The Capital Asset Pricing Model (CAPM)

According to Markowitz, in the CAPM investors are:
– risk-averse
– prefer higher returns
– willing to buy the optimal portfolio

The market portfolio:
– a combination of all the possible investments in the world.

The risk-free asset:
– the CAPM assumes the existence of a risk-free asset.
– an investment with zero risk.
– Why should we assume the risk-free rate has a lower expected rate of return?
=> In efficient markets, investors are only compensated for the added risk they are willing to bear.

The Capital Market Line
– investors will allocate their money between the risk-free and the market portfolio

In the CAPM, investors will invest in:
– depending on their risk preferences, they will choose to buy more of the risk-free asset or more of the market portfolio.

Beta

β = Cov(r_x, r_m) / σ_m²
– measures the market risk that cannot be avoided through diversification.

β = 0: No relationship
β < 1: Defensive (Walmart) β > 1: Aggressive (Ford)

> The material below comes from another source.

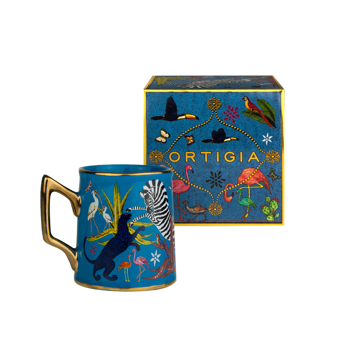 Ceramiczny kubeczek Ortigia Blue z charakterystycznymi motywami marki, uzupełniony o ręcznie wykonane zdobienia w kolorze złotym. Doskonale sprawdzi się jako uzupełnienie stołowej zastawy, w roli ulubionego kubeczka do małej kawy lub espresso.

The Capital Asset Pricing Model

r_i = r_f + β_im(r_m – r_f)

r_f: risk-free
β_im: beta between the stock and the market
r_m: market return

Risk-free: Approximate with 10-year US government bond yield: 2.5%
Beta: Approximate the market portfolio with the S&P500: 0.62
Equity Risk Premium: Historically, it has been between 4.5% and 5.5%
r(i) = 2.5% + 0.62 * 5% = 5.6%

Sharpe Ratio

William Sharpe

Sharpe Ratio = (r_i – r_f) / σ_i

r_f: risk-free rate
r_i: rate of return of the stock “i”
σ_i: standard deviation of the stock “i”

Alpha

The Capital Asset Pricing Model:
r_i = α + r_f + β_im(r_m – r_f)
– The standard CAPM setting assumes an alpha equal to 0.
– We can only compare the alpha of investments with a similar risk profile.